**What is required**. Instruction for the data below: set down exactly the lines from the line with "10月7日(火)2年生、4年" to the line with "Black Glitter Vegan", inclusive, and no others.

**Given data**.
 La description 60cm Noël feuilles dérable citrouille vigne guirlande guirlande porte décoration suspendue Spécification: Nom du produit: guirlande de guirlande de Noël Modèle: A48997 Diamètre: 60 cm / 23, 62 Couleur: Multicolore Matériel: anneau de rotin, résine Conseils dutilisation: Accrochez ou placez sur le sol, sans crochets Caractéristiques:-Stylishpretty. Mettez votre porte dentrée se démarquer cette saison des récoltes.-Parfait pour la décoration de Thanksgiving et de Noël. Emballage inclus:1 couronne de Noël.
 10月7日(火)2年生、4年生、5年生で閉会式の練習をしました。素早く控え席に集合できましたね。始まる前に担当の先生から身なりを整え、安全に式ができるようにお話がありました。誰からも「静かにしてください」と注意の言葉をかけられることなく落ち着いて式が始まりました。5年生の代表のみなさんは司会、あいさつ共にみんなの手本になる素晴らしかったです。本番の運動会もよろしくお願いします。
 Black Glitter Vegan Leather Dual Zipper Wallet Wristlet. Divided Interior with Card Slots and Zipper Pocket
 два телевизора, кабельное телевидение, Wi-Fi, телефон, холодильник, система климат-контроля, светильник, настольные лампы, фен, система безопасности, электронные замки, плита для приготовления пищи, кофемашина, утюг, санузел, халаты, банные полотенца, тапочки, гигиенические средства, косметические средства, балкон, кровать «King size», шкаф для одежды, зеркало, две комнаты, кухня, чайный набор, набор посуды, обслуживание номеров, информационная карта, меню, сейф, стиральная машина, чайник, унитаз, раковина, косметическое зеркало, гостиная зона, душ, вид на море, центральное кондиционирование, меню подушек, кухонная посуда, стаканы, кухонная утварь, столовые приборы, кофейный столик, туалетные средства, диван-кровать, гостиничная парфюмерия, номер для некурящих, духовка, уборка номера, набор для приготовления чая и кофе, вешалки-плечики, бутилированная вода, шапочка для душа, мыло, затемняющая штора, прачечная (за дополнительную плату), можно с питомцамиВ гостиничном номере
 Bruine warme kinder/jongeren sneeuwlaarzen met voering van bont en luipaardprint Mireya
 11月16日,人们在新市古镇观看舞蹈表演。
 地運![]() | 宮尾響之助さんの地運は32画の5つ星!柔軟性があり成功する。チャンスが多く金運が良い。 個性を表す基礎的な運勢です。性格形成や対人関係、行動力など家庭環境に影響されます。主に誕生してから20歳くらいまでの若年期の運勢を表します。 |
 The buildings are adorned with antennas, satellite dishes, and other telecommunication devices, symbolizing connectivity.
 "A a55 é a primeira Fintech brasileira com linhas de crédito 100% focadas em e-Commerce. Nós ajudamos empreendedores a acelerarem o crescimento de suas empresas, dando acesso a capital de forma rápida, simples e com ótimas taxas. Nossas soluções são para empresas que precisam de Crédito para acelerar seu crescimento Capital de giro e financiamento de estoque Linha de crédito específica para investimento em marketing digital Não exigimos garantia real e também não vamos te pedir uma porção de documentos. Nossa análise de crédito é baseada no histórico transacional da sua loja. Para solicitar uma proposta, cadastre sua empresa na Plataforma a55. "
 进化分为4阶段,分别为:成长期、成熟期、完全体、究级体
...
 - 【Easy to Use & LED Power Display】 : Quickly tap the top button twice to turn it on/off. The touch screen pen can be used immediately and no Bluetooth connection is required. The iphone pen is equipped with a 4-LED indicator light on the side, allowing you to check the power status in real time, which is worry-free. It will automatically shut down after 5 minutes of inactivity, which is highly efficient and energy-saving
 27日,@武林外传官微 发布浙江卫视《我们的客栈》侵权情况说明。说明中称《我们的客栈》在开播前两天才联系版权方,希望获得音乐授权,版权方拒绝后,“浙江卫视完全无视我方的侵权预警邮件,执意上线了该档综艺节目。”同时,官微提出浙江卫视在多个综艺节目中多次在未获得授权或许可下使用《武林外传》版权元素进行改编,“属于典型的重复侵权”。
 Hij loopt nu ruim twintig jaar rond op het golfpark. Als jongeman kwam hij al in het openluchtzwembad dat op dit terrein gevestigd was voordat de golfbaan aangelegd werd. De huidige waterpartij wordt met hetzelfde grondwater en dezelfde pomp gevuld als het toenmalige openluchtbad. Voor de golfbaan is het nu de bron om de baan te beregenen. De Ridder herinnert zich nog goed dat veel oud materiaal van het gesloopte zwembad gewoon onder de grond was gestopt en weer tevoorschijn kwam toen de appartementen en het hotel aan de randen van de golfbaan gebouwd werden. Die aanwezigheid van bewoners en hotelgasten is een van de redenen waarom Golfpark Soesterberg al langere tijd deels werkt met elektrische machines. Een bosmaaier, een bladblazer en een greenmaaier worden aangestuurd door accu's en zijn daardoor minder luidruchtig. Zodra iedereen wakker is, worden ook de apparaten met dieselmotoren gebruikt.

**Task solution**.
 10月7日(火)2年生、4年生、5年生で閉会式の練習をしました。素早く控え席に集合できましたね。始まる前に担当の先生から身なりを整え、安全に式ができるようにお話がありました。誰からも「静かにしてください」と注意の言葉をかけられることなく落ち着いて式が始まりました。5年生の代表のみなさんは司会、あいさつ共にみんなの手本になる素晴らしかったです。本番の運動会もよろしくお願いします。
 Black Glitter Vegan Leather Dual Zipper Wallet Wristlet. Divided Interior with Card Slots and Zipper Pocket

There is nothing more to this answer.